Bruce Barnard, Special Correspondent | Aug 02, 2012 10:43AM EDT
Deutsche Post DHL lifted its 2012 earnings guidance after strong demand for its express delivery services in Asia boosted its second quarter results.
The German mail, logistics and transport giant says it now expects earnings before interest and tax to grow to 2.6-2.7 billion euros ($3.2-3.3 billion) from 2.44 billion euros in 2011 and from a previous forecast of 2.5.-2.6 billion euros.
Deutsche Post’s bullish stance contrasts with a more sober outlook from its U.S. rivals UPS, which cut its 2012 profit forecast last month, and FedEx, which is cutting costs in the face of weakening demand.
“We continue to perform well,” said CEO Frank Appel.” The excellent market positions of our brands and divisions in the world’s growth markets are paying off. We have a strong foundation for generating long-term improvements in revenues and earnings.”

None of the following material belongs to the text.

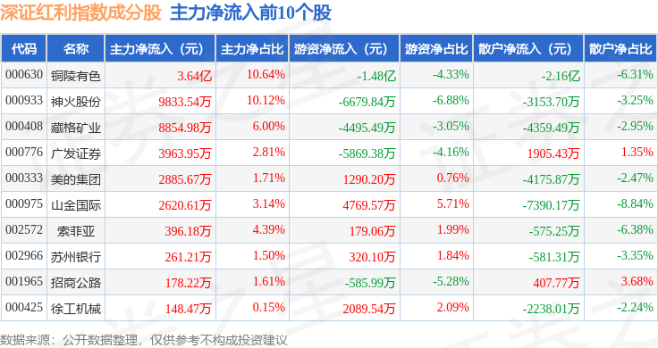 资金流向方面,深证红利(399324)指数成份股当日主力资金净流出合计6.4亿元,游资资金净流入合计1.81亿元,散户资金净流入合计4.6亿元。成份股资金流向详情见下表:

“Things are a bit different than for our competitors because we have a broad network with which we benefit from intra-Asian trade,” said Chief Financial Officer Larry Rosen. “We are still seeing good growth in Asia, with the exception of the tech sector.”
Revenue rose 7.3 percent in the second quarter from a year ago to $16.85 billion, driven mainly by growth at DHL’s express, freight forwarding and supply chain divisions.
Despite rising profitability, operating earnings fell by 3 percent to $667.9 million from $691.3 million in the second quarter of 2011 largely due to the $223 million one-off negative impact of a sales tax payment.
First half revenue grew 5.8 percent to $31.5 billion and operating profit was up 3.6 percent at $1.48 billion.
The DHL express unit boosted second quarter revenue by 10.7 percent to $3.9 billion, driven by strong growth in Asia and the Americas where continuing strong business growth in the U.S. played a key role in the improved performance. Operating profit jumped more than 50 percent to $452 million.
Global freight forwarding revenues increased 5.7 percent to $4.9 billion and operating profit was 19.1 percent higher at $168.5 million.
The supply chain division’s revenue grew 12.5 percent to $4.3 billion but profit dipped to $124 million from $136.5 million from the second quarter in 2011, which included a $28.3 million gain from the sale of a non-core U.S business.